*** Materials provided

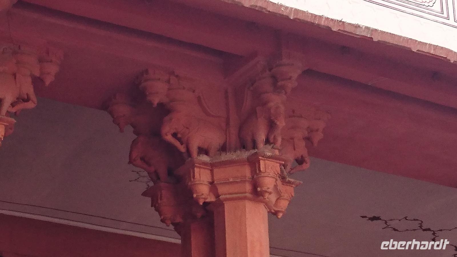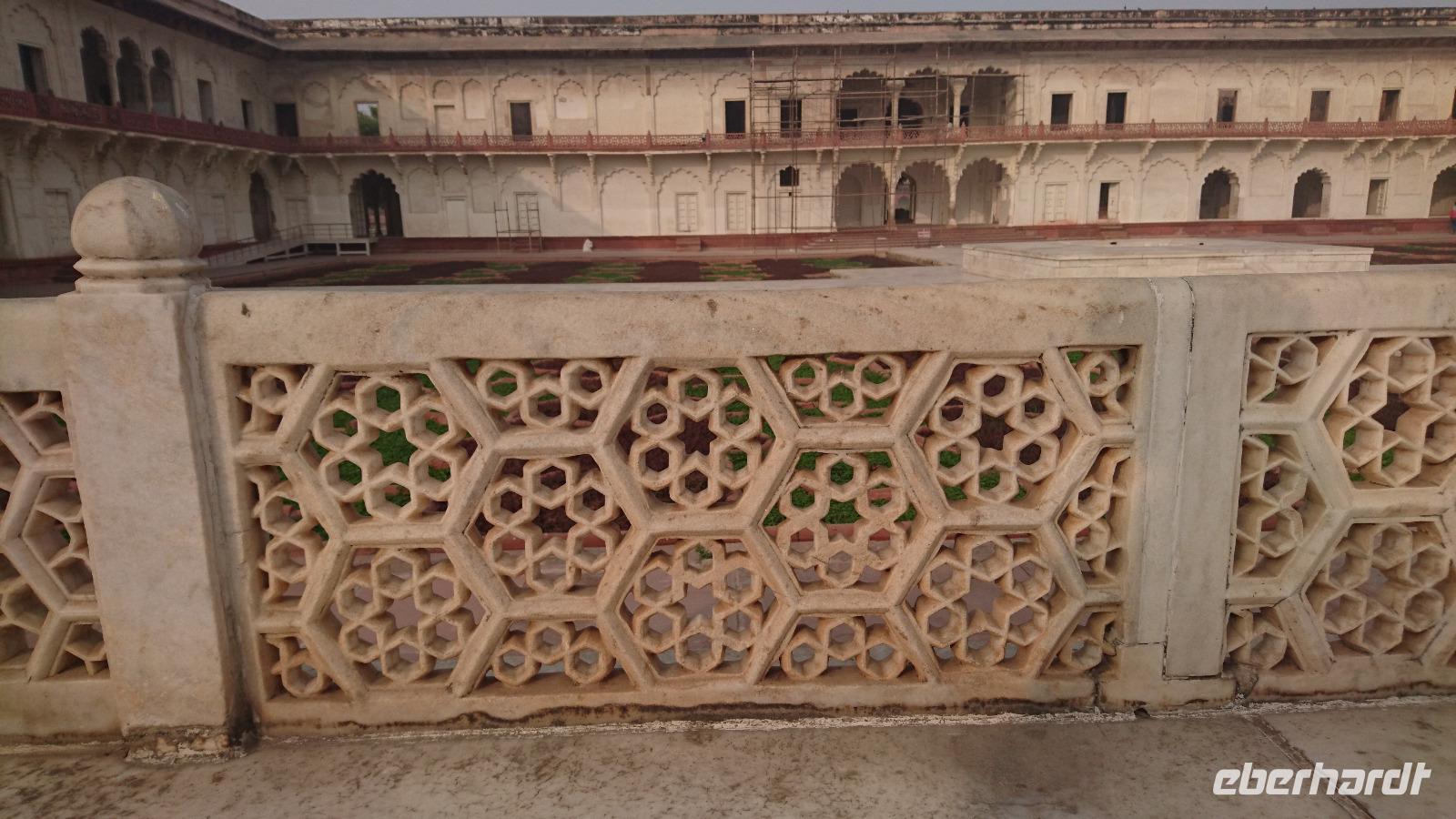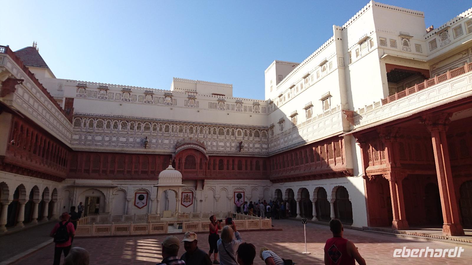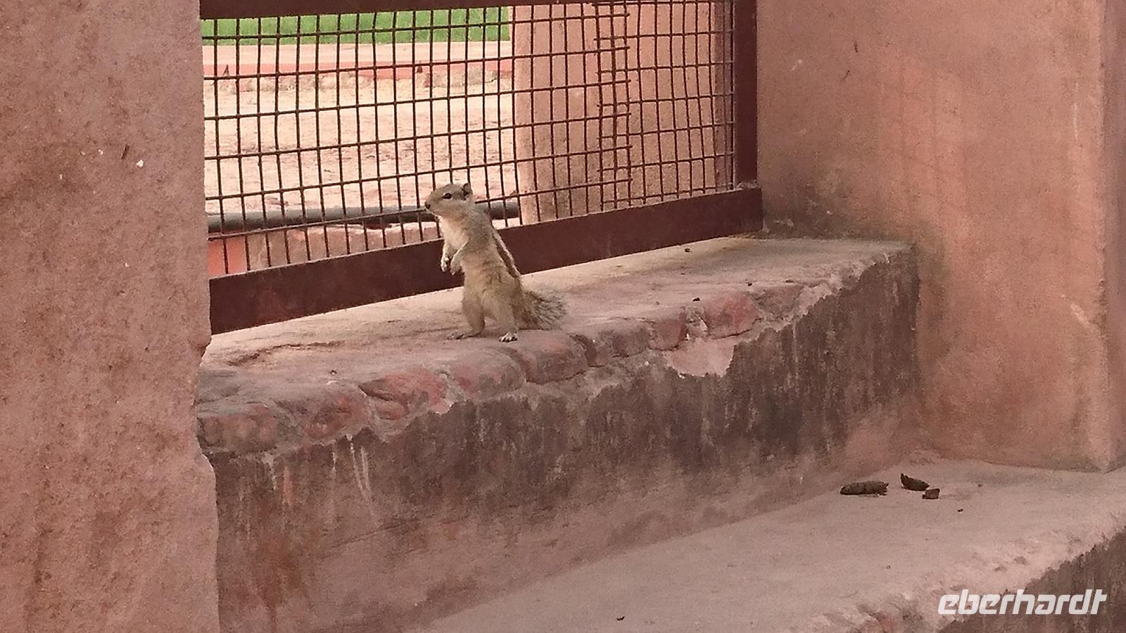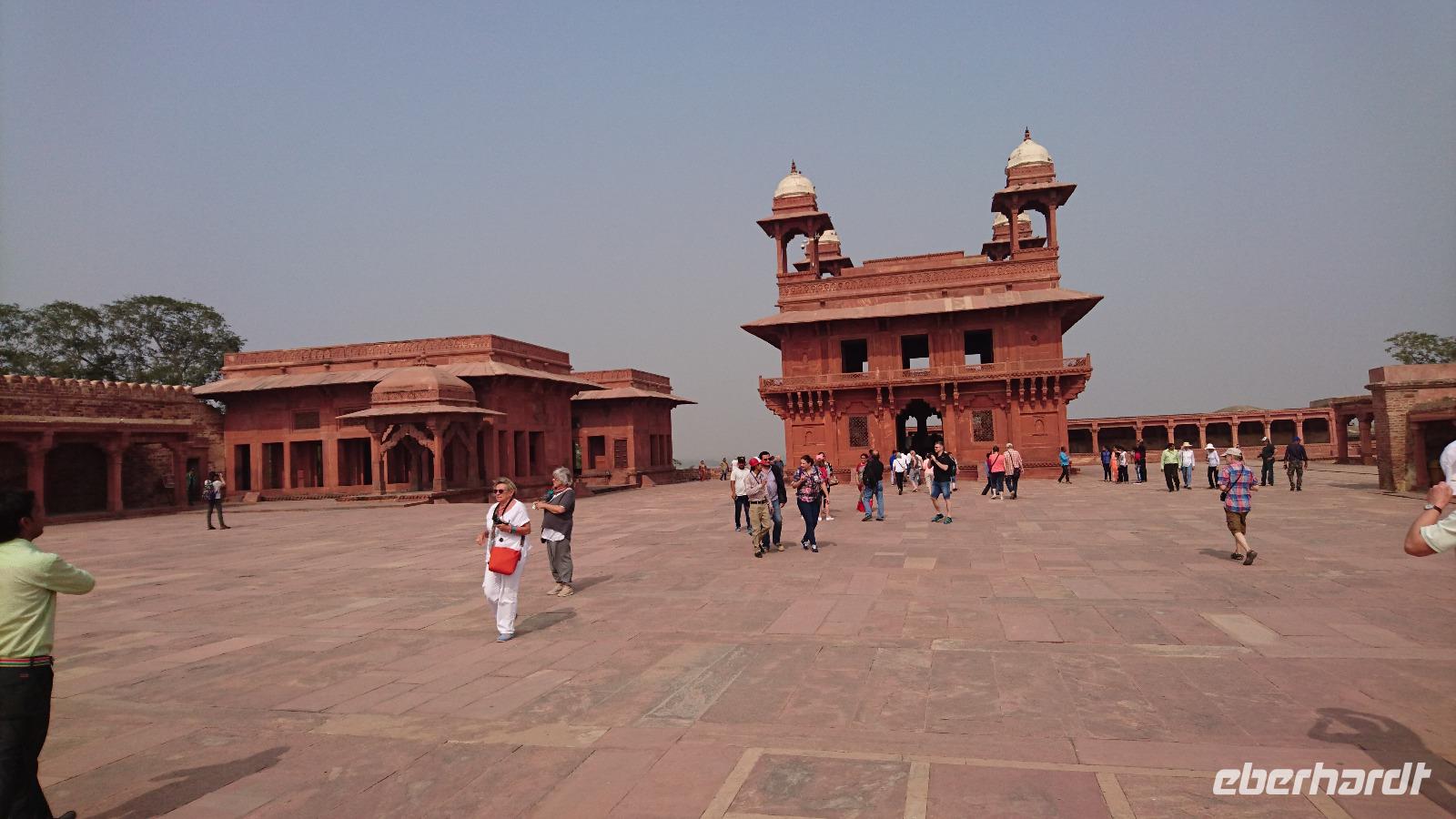 Am Morgen holten wir nach dem Frühstück den Besuch im Roten Fort in Agra nach und sahen, wo der einstige Herrscher der Region von seinem eigenen Sohn eingesperrt wurde, als dieser die Macht an sich reißen konnte. Leider zog heute der uns bereits aus Delhi bekannte Smog auch über Agra und wir konnten am Vormittag keinen letzten Blick auf das Taj Mahal am Yamuna-Fluss werfen, ehe wir Agra Lebewohl sagten und uns unser Bus weiter gen Westen brachte. Eine reichliche Stunde waren wir unterwegs, ehe wir die verlassene Stadt Fatehpur Sikri erreichten. Im Vergleich zu ihrer Bauzeit wurde sie wirklich nur sehr kurze Zeit genutzt und leider hatten sich hier Baumeister und Planer völlig verschätzt, denn das Klima änderte sich zu damaliger Zeit drastisch, sodass pure Trinkwassernot die Bewohner zum Fortzug trieb. Dann vergaß man diese herrliche Stadt an der Grenze zum indischen Bundesstaat Rajasthan und erst Jahrhunderte später, in unserer heutigen Zeit, legte man sie, inzwischen versandet und vom Gestrüpp überwuchert, wieder frei, nutzt seither auch den religiösen Teil der Moschee, machte alles den Touristen zugänglich und bewahrte so ein Stück erlebbarer und so gut wie vollständig erhaltener Geschichte der Region. Fast hätte die Natur sich alles wieder zurück geholt, doch zum Glück können wir heute noch die herrlichen Arbeiten in Sandstein und Marmor betrachten. Später fuhren wir weiter nach Keoladeo und stiegen hier um auf Fahrradrikschas. Mutig-starke Fahrer brachten uns tief hinein in den Naturpark der Region und wir beobachteten verschiedene Vogelarten, unter Anderem auch den Marabu und den Kranich, sowie Antilopen und Schildkröten in diesem von Menschen geschützten Stück Erde, das rund 22 Quadratkilometer groß ist. Einen kleinen Imbiss nahmen wir später im nahen Ort Valpur ein und waren danach noch eine ganze Weile unterwegs, lernten dabei, dass in Indien Kilometerangaben so gut wie nichts über die Länge der bevorstehenden Fahrt aussagten und erreichten gegen Abend unser Hotel in Jaipur, dem Heimatort unseres örtlichen Reiseleiters. Im Hotel gab es ein gutes Abendessen und nach den vielen Stunden im Bus genossen wir später die Ruhe auf der Dachterrasse, am Pool oder bei einem kleinen Rundgang durch die umliegenden Straßen, ehe wir uns für den nächsten Tag in unseren bequemen Zimmern niederlegten.
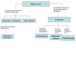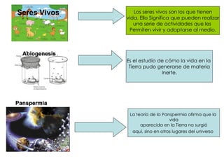 El documento habla sobre el origen de la vida. Menciona teorías como la abiogénesis, panspermia y generación espontánea. Explica que los seres vivos pueden evolucionar a través de las generaciones mediante mecanismos como la selección natural, y que la paleontología aporta evidencia de la evolución.
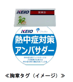 期間中、鉄道現業職場で勤務する約1,000名の社員が、熱中症対策アンバサダー養成講座を受講し、「熱中症対策アンバサダー」の資格取得を目指します。また、鉄道現業職場で勤務する、当資格を取得した一部社員(約1,000名)が「ポカリスエット」や「ポカリスエット イオンウォーター」といったペットボトル飲料(以下、イオン飲料)」の携帯と胸章タグを着用し、積極的な水分補給・熱中症対策の啓発を実践します。
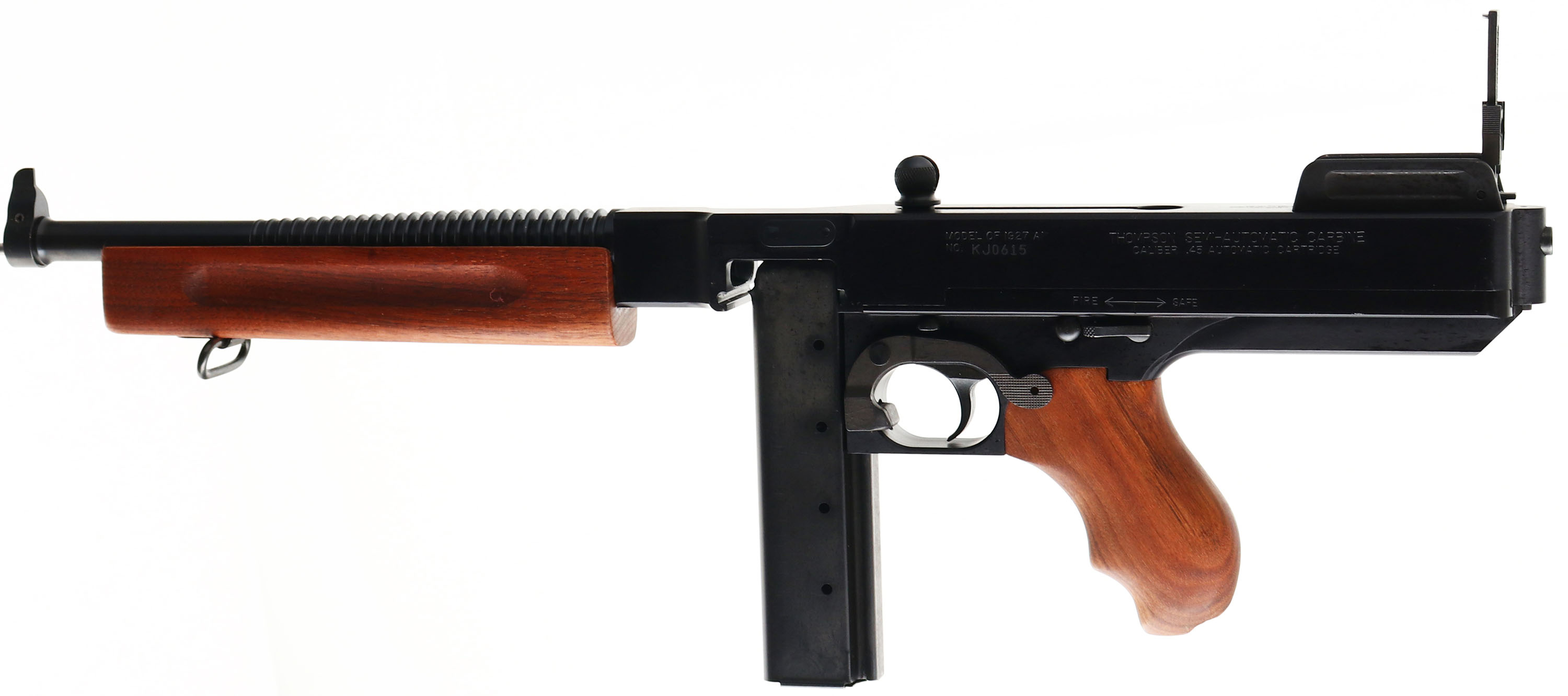 CASED & NEW Thompson Auto Ordnance Corporation, (Kahr Arms), Thompson 1927A-1 pistol, MFG: 2016, SN's: KJ0615, Semi Auto Pistol, 10.5'' barrel. This was produced in 2016 at the same time they produced the 100 Year Anniversary 1916-2016 of the Thompson Auto Ordnance Corporation sets. Auto-Ordnance was a U.S. arms development firm founded by retired Colonel John T. Thompson of the United States Army Ordnance Department in 1916. Auto-Ordnance is best known for the Thompson submachine gun, used as a military weapon by the Allied forces in World War II, & also notorious as a gangster weapon used during the Roaring Twenties. The Thompson 1927A-1 pistol (Tommy Gun) carries deluxe American walnut vertical foregrip, pistol grip & forend which are mint, displaying beautiful wood grain & factory finish. The factory metal blue finishes are 99%+. Features include a pinned in front blade & a folding ladder rear adjustable sight. Bore is mint. Has the stick mag. The gun come stored in a polymer hard case with the yellow Thompson Bullet logo & the words ''Chicago Typewriter'' in white stamped on the black case cover. Factory owner's manuals, booklets & lock are included in case. Frank Harris, VP of Sales & Marketing, Kahr Firearms Group wrote regarding the sets & this pistol model, ''We are proud to honor the name & the legacy of General John T. Thompson with this special 100th Anniversary matched set. There is a rich historical past attached to the Tommy Gun, & we feel General Thompson would be proud to see that what started as a research project in 1915 has served the military, law enforcement & shooting enthusiasts around the world so prominently for over 100 years.'' This is N.O.S. from a gun shop & not previously sold to the public. It is a fantastic & high quality firearm, which have risen in value & has become very collectible. MSRP is $1800. Reference lot #5860 in this auction for additional mags & mag pouches which fit this gun. FFL Req. - Value: 1000 to 1700
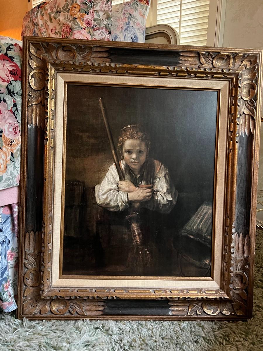 Vintage Framed Art Print Girl with a Broom by Rembrandt
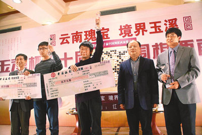 香港文匯報訊(記者 羅斯 成都報道)11日下午,「玉溪盃」第十屆中國圍棋西南棋王賽決賽展開廝殺,此前2天時間一路連挑孫力、余平、時越3員頂級棋手於馬下的棋壇小將古靈益在決賽中遭遇黨毅飛。經2個小時鏖戰,古靈益在並不佔優的形勢下突然沉穩下來,最終執黑235手中盤勝出,成功第四次蟬聯「西南王」。至此,由紅塔集團「玉溪」品牌獨家冠名的這一中國西南地區頂級圍棋賽事圓滿落下帷幕。
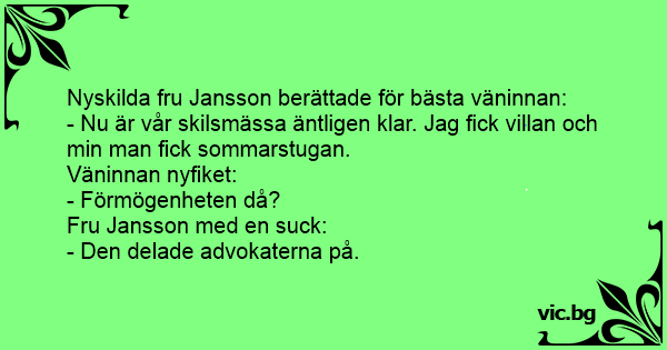 - Nu är vår skilsmässa äntligen klar. Jag fiск villan och min man fiск sommarstugan.
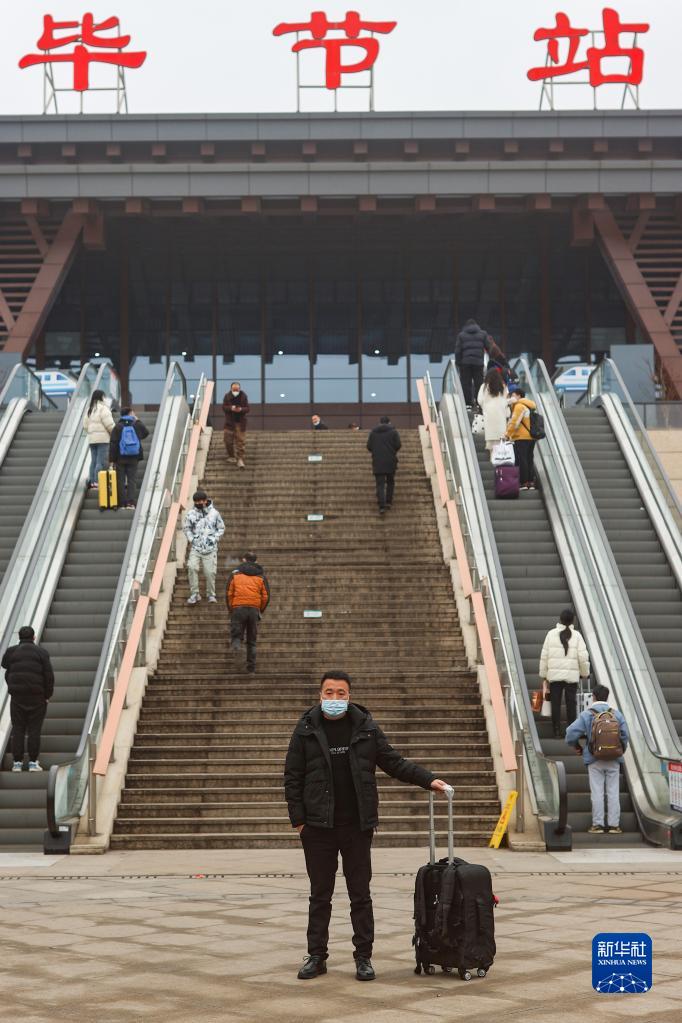 貴州省畢節市七星關(guān)區海子街鎮安山村人彭沙提著(zhù)行李在畢節站站前廣場(chǎng)留影,他準備前往廣東省深圳市(1月26日攝)。彭沙之前在深圳打工6年,此次是去學(xué)習汽車(chē)檢測管理技術(shù)。以前從畢節乘汽車(chē)到貴陽(yáng)轉乘綠皮火車(chē)再到深圳要兩天一夜,現在乘高鐵只要幾個(gè)小時(shí)就能到達。

******

■ **Task requirements**:
Before answering, please find the line containing "- Nu är vår" above, then copy exactly from it through the last line of the entries, both included, without pictures.

■ **Solved exercise**:
 - Nu är vår skilsmässa äntligen klar. Jag fiск villan och min man fiск sommarstugan.
 貴州省畢節市七星關(guān)區海子街鎮安山村人彭沙提著(zhù)行李在畢節站站前廣場(chǎng)留影,他準備前往廣東省深圳市(1月26日攝)。彭沙之前在深圳打工6年,此次是去學(xué)習汽車(chē)檢測管理技術(shù)。以前從畢節乘汽車(chē)到貴陽(yáng)轉乘綠皮火車(chē)再到深圳要兩天一夜,現在乘高鐵只要幾個(gè)小時(shí)就能到達。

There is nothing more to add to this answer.